Die letzten Jahre hatte ich immer mehr „Wehwehchen“ die sich keiner erklären konnte.Kreislaufprobleme,Herzrasen,unerklärliche Übelkeit usw.

Ich hatte mich von meinen ersten Mann getrennt, weil er mir das Leben zur Hölle gemacht hatte.

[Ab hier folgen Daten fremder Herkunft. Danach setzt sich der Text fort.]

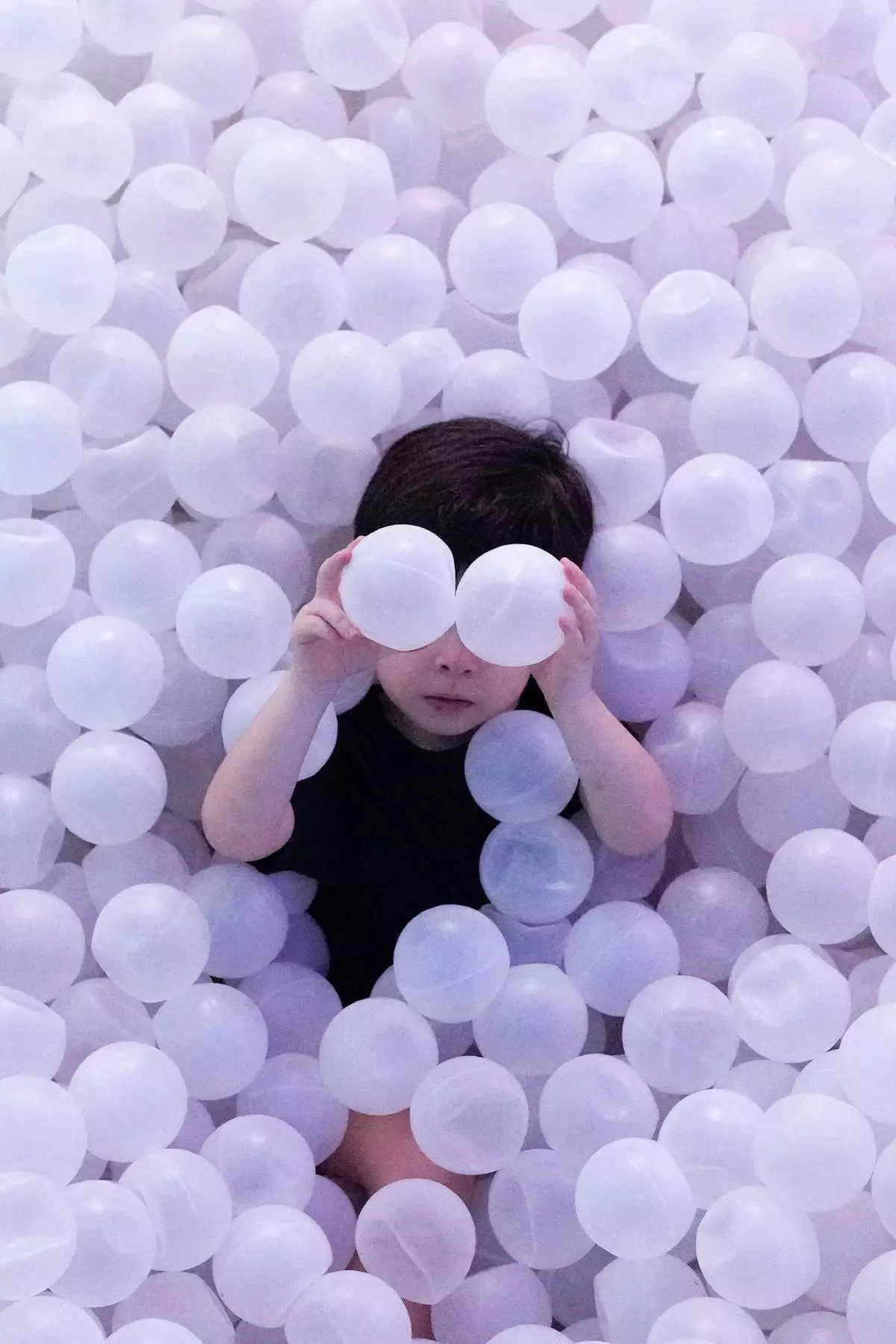 檔案圖片:2026年4月7日,巴拿馬城(Panama City),一名兒童在Megapolis Outlets Center的沉浸式展覽中,於波波池內玩耍。(美聯社圖片/Matias Delacroix, File) AP圖片

Somit wurden meine „Wehwehchen“ immer auf die Psyche geschoben. „Das ist alles psychisch bedingt.Sie können nichts dafür.Das ist ihr Unterbewusstsein“. Doch damit wollte ich mich nicht zufrieden geben. Ich machte mich selber auf der Suche nach meinen Problemen. Leider erfolglos.

 

Meine Blutwerte waren alle Top. Nur mein Entzündungswert war schon viele Jahre sehr hoch. Ging nie runter. Auch deshalb wurde ich von einem Arzt zum anderen geschickt. Und wieder in die „Psychoschublade“ geschoben.

 

Vor 3 Jahren bekam ich gesundheitliche Probleme mit meinen kaputten Knochen. Schon mit 40 sagte mir ein Orthopäde,ich hätte die Knochen verschlissen wie ein 60 jähriger Mann, der 40 Jahre hart auf dem Bau gearbeitet hätte.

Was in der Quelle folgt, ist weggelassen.